Exercise brief
Reproduce the listing in full. Omit the pictures.

Supplied information

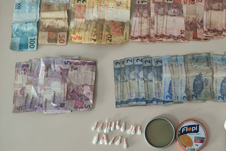 Após a ordem de parada, o caroneiro desceu da motocicleta e saiu correndo em direção a uma área de mata. No entanto, ele foi alcançado no momento em que tentava se desfazer de uma embalagem metálica, que continha 16 porções de cocaína. No bolso da bermuda foram localizados mais R$ 577,00 em notas de vários valores.
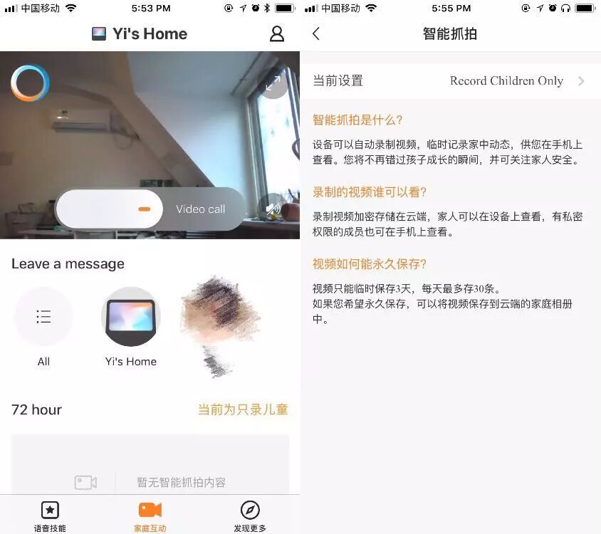 | 小度在家 3 月 26 日发布当天,李彦宏亲自站台,厂长的现身也引来朋友圈满屏的喝彩。 4 月 10 日,小度在家正式开卖,仅一分钟的时间,首批现货一万台便宣告售罄。今天(4 月 26 日)上午 10:00,小度在家在京东开始第二批预售。百度表示,二次发售情形依然火爆,不到 3 分钟被抢完,并登上京东热卖榜。 百度度秘事业部总经理景鲲上周在朋友圈发布了团队庆功的现场照片,印有团队「战果」的蛋糕依次排开,百度集团总裁兼首席运营官陆奇切过蛋糕,站在桌前,笑得很 High。李彦宏站台发布,陆奇现身庆功,看这人员配置你就能感受到小度在家在百度的地位了 而从小度在家首批用户使用体验那里,我们明显感受到这个加屏的音箱,切入到了另一层消费痛点——连接家人。 米帅是一位互联网从业者,他表示已经入手一台:「别的不重要,给爸妈一键视频太方便了,加上小度在家 599 块钱亲民的价格。要知道六百块钱连买个电话都不够。」 他计划把小度在家放在父母家中,因为父母不能熟练使用智能手机,因此「只要说句话就能视频」这件事对他特别重要。「身边很多同事也想入手,有些人父母不识字,用手机很难。」他说。 小度在家带屏智能音箱,加上老人和小孩的家庭场景,小度在家的出现不难让人联想到亚马逊的 Echo Show,这款产品于 2017 年 6 月发布。 但不似 Amazon Echo Show 发布当时 229.99 美元(约合人民币 2038 元)的高昂售价,小度在家 599 元的价格显然更加亲民。 「对于有老人小孩的家庭,小度在家解决了视频的刚需;对于科技爱好者来说,买来玩一玩也很好。」米帅告诉机器之能。 为了近距离感受小度在家针对老人和小孩的独特设计,也为了体验音箱带屏与不带屏的差别,我们对小度在家进行了一次深度测评。 屏幕为音箱解锁更多姿势 由于搭载了屏幕,因此小度在家能够完成一些其它智能音箱所不能完成的任务。其中最抢眼的,要数与视频通话相关的功能。 发布会当天,景鲲在演讲中谈到,小度在家的设计初衷是为了让在外工作的年轻人「一秒回家」。满足一年只能回家几次,思念家中老小的心情。 因此,围绕着家庭场景,小度在家开发了用语音命令的方式拨打视频的功能。 总的来说,有了小度在家,就相当于有了一部家庭成员间的网络电话。只需对着小度在家说一句「小度小度,给 xxx 打电话」,音箱就会自动拨电话给这个人,信息传输依靠网络,形式类似于微信视频。小度在家与智能手机间的通话此外,小度在家还为音箱和家庭成员的智能手机之间设计了一个「家庭圈」,利用小度在家 APP 手机与手机之间能够互相发送语音、文字、图片,以及拨打语音或视频电话,音箱与手机、音箱与音箱之间亦然。 也就是说,小度在家为家庭成员搭建了一个专属的交流中心。 手机 APP 与小度在家之间的信息传送界面通过已经连入「家庭圈」的智能手机,只需设置好权限,成员就能启用「回家看看」功能。打开小度在家 APP,选择页面底部的「家庭互动」页,屏幕顶端就会出现家中音箱的视角,若想要「隔空喊话」,也可以一键接入视频。 这一功能在老人或者小孩在家中发生意外时最为有用。比如小孩摔倒了,电话又不在身边,父母就能通过「回家看看」功能第一时间了解情况。 此外,对于不想错过孩子成长瞬间的父母来说,可以使用类似 Google Clips 的「智能抓拍」功能进行孩子的成长记录。 小度在家提供「只录孩子」、「有人就录」、以及「完全不录」三个选项,视频将被保存在云端 72 小时,通过手机以及音箱均可查看,视频支持下载。 左图为「回家看看」视野,右图为智能抓拍说明 有了屏幕,消费者的第一反应大概是「可以播放视频了」。据百度官网介绍,截至发稿时,小度在家背后的视频内容源为爱奇艺和好看视频。毋庸置疑的是,在智能音箱背后的内容争夺战中,百度将会持续布局。 除播放视频外,智能音箱最经常被使用的功能要数播放音乐,小度在家背后的音乐资源为百度音乐和太合麦田的千万级超大量音乐曲库(截至发稿时)。有趣的一点是,由于搭载了屏幕,你可以很直观地查看歌词以及播放列表,并能根据播放列表进行单曲的收藏以及点播等操作。 播放音乐时滚动歌词同样,有了屏幕,当你让小度在家播放新闻时,音箱返回的结果除音频新闻外,还有新闻视频片段。播放新闻视频 由于儿童是小度在家的主要服务对象之一,因此,对于音箱上的各种娱乐资源,小度在家设置了多种儿童保护措施。 比如,在音箱设置界面中,能够设置「不允许搜索音乐」,以及「不允许搜索视频」。音箱具备护眼模式,当儿童观看视频内容距离过近时,设备会发出提醒;观看视频内容累计超过 30 分钟时,设备会自动锁屏 15 分钟(如果不需要暂停,家长可以进行刷脸解锁)。 屏幕对一些工具类功能同样产生了影响。使用小度在家查询天气时,音箱屏幕会相应的显示穿衣指导、是否适合洗车、以及接下来几天的天气走势图等,让问答更直观。天气界面之一 设定闹钟时,你能直接看到当前的闹钟数量和设定时间,就像手机界面上的闹钟一样,方便删减闹钟以及调整时间。闹钟界面 李彦宏曾在发布会现场表示:「音箱有屏幕和没有屏幕的差别就像收音机和电视机的区别。」 的确,如果你问没有屏幕的智能音箱「钢铁侠长什么样」,那可真是为难它了,而有屏幕的智能音箱就能轻松作答。对于好奇心旺盛的孩子
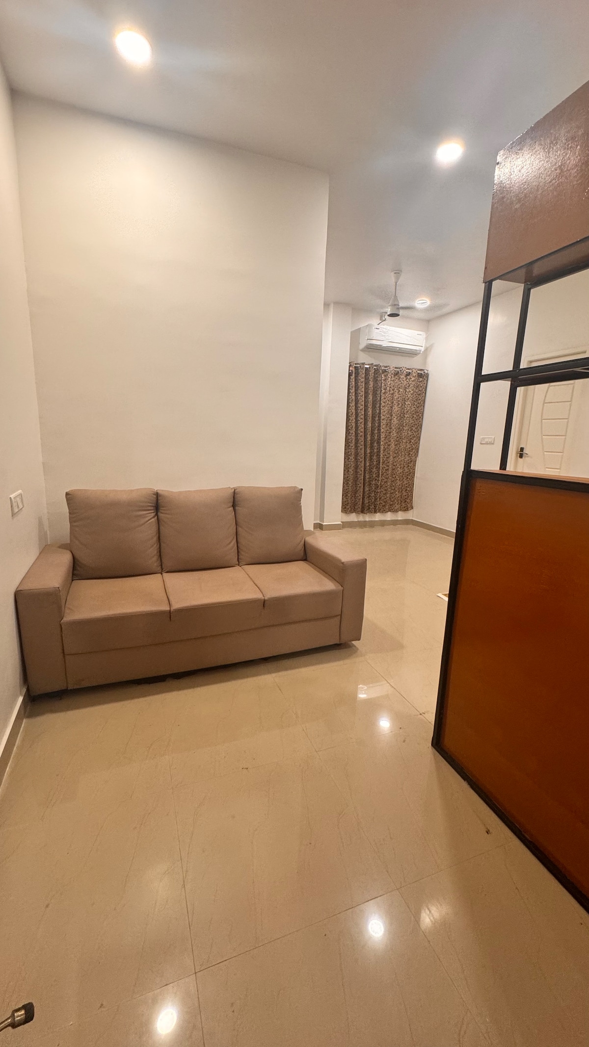 Mi smo porodična firma koja se bavi renoviranjem i iznajmljivanjem smještaja i koja je zaradila naziv za sebe u ponudi kvalitetnih usluga po povoljnim cijenama. Oglas Novouređeni 1 BK/Studio/Aneks dostupan je u vrlo traženom području u Kellys Roadu (Napomena: Opp A.K.N. Nursing Home & BSNL ured u blizini bolnice Ayesha) Spavaća soba-A/c 1) En-suite [u prilogu WC] s bračnim krevetićem 2) Prostorija dobre veličine 14 stopa x 12 stopa s 2 ormarića i) Frižider i voda se mogu obezbijediti. ii) TV je dostupan. Napomena : bez kuhinje

Your response
 Após a ordem de parada, o caroneiro desceu da motocicleta e saiu correndo em direção a uma área de mata. No entanto, ele foi alcançado no momento em que tentava se desfazer de uma embalagem metálica, que continha 16 porções de cocaína. No bolso da bermuda foram localizados mais R$ 577,00 em notas de vários valores.
 | 小度在家 3 月 26 日发布当天,李彦宏亲自站台,厂长的现身也引来朋友圈满屏的喝彩。 4 月 10 日,小度在家正式开卖,仅一分钟的时间,首批现货一万台便宣告售罄。今天(4 月 26 日)上午 10:00,小度在家在京东开始第二批预售。百度表示,二次发售情形依然火爆,不到 3 分钟被抢完,并登上京东热卖榜。 百度度秘事业部总经理景鲲上周在朋友圈发布了团队庆功的现场照片,印有团队「战果」的蛋糕依次排开,百度集团总裁兼首席运营官陆奇切过蛋糕,站在桌前,笑得很 High。李彦宏站台发布,陆奇现身庆功,看这人员配置你就能感受到小度在家在百度的地位了 而从小度在家首批用户使用体验那里,我们明显感受到这个加屏的音箱,切入到了另一层消费痛点——连接家人。 米帅是一位互联网从业者,他表示已经入手一台:「别的不重要,给爸妈一键视频太方便了,加上小度在家 599 块钱亲民的价格。要知道六百块钱连买个电话都不够。」 他计划把小度在家放在父母家中,因为父母不能熟练使用智能手机,因此「只要说句话就能视频」这件事对他特别重要。「身边很多同事也想入手,有些人父母不识字,用手机很难。」他说。 小度在家带屏智能音箱,加上老人和小孩的家庭场景,小度在家的出现不难让人联想到亚马逊的 Echo Show,这款产品于 2017 年 6 月发布。 但不似 Amazon Echo Show 发布当时 229.99 美元(约合人民币 2038 元)的高昂售价,小度在家 599 元的价格显然更加亲民。 「对于有老人小孩的家庭,小度在家解决了视频的刚需;对于科技爱好者来说,买来玩一玩也很好。」米帅告诉机器之能。 为了近距离感受小度在家针对老人和小孩的独特设计,也为了体验音箱带屏与不带屏的差别,我们对小度在家进行了一次深度测评。 屏幕为音箱解锁更多姿势 由于搭载了屏幕,因此小度在家能够完成一些其它智能音箱所不能完成的任务。其中最抢眼的,要数与视频通话相关的功能。 发布会当天,景鲲在演讲中谈到,小度在家的设计初衷是为了让在外工作的年轻人「一秒回家」。满足一年只能回家几次,思念家中老小的心情。 因此,围绕着家庭场景,小度在家开发了用语音命令的方式拨打视频的功能。 总的来说,有了小度在家,就相当于有了一部家庭成员间的网络电话。只需对着小度在家说一句「小度小度,给 xxx 打电话」,音箱就会自动拨电话给这个人,信息传输依靠网络,形式类似于微信视频。小度在家与智能手机间的通话此外,小度在家还为音箱和家庭成员的智能手机之间设计了一个「家庭圈」,利用小度在家 APP 手机与手机之间能够互相发送语音、文字、图片,以及拨打语音或视频电话,音箱与手机、音箱与音箱之间亦然。 也就是说,小度在家为家庭成员搭建了一个专属的交流中心。 手机 APP 与小度在家之间的信息传送界面通过已经连入「家庭圈」的智能手机,只需设置好权限,成员就能启用「回家看看」功能。打开小度在家 APP,选择页面底部的「家庭互动」页,屏幕顶端就会出现家中音箱的视角,若想要「隔空喊话」,也可以一键接入视频。 这一功能在老人或者小孩在家中发生意外时最为有用。比如小孩摔倒了,电话又不在身边,父母就能通过「回家看看」功能第一时间了解情况。 此外,对于不想错过孩子成长瞬间的父母来说,可以使用类似 Google Clips 的「智能抓拍」功能进行孩子的成长记录。 小度在家提供「只录孩子」、「有人就录」、以及「完全不录」三个选项,视频将被保存在云端 72 小时,通过手机以及音箱均可查看,视频支持下载。 左图为「回家看看」视野,右图为智能抓拍说明 有了屏幕,消费者的第一反应大概是「可以播放视频了」。据百度官网介绍,截至发稿时,小度在家背后的视频内容源为爱奇艺和好看视频。毋庸置疑的是,在智能音箱背后的内容争夺战中,百度将会持续布局。 除播放视频外,智能音箱最经常被使用的功能要数播放音乐,小度在家背后的音乐资源为百度音乐和太合麦田的千万级超大量音乐曲库(截至发稿时)。有趣的一点是,由于搭载了屏幕,你可以很直观地查看歌词以及播放列表,并能根据播放列表进行单曲的收藏以及点播等操作。 播放音乐时滚动歌词同样,有了屏幕,当你让小度在家播放新闻时,音箱返回的结果除音频新闻外,还有新闻视频片段。播放新闻视频 由于儿童是小度在家的主要服务对象之一,因此,对于音箱上的各种娱乐资源,小度在家设置了多种儿童保护措施。 比如,在音箱设置界面中,能够设置「不允许搜索音乐」,以及「不允许搜索视频」。音箱具备护眼模式,当儿童观看视频内容距离过近时,设备会发出提醒;观看视频内容累计超过 30 分钟时,设备会自动锁屏 15 分钟(如果不需要暂停,家长可以进行刷脸解锁)。 屏幕对一些工具类功能同样产生了影响。使用小度在家查询天气时,音箱屏幕会相应的显示穿衣指导、是否适合洗车、以及接下来几天的天气走势图等,让问答更直观。天气界面之一 设定闹钟时,你能直接看到当前的闹钟数量和设定时间,就像手机界面上的闹钟一样,方便删减闹钟以及调整时间。闹钟界面 李彦宏曾在发布会现场表示:「音箱有屏幕和没有屏幕的差别就像收音机和电视机的区别。」 的确,如果你问没有屏幕的智能音箱「钢铁侠长什么样」,那可真是为难它了,而有屏幕的智能音箱就能轻松作答。对于好奇心旺盛的孩子
 Mi smo porodična firma koja se bavi renoviranjem i iznajmljivanjem smještaja i koja je zaradila naziv za sebe u ponudi kvalitetnih usluga po povoljnim cijenama. Oglas Novouređeni 1 BK/Studio/Aneks dostupan je u vrlo traženom području u Kellys Roadu (Napomena: Opp A.K.N. Nursing Home & BSNL ured u blizini bolnice Ayesha) Spavaća soba-A/c 1) En-suite [u prilogu WC] s bračnim krevetićem 2) Prostorija dobre veličine 14 stopa x 12 stopa s 2 ormarića i) Frižider i voda se mogu obezbijediti. ii) TV je dostupan. Napomena : bez kuhinje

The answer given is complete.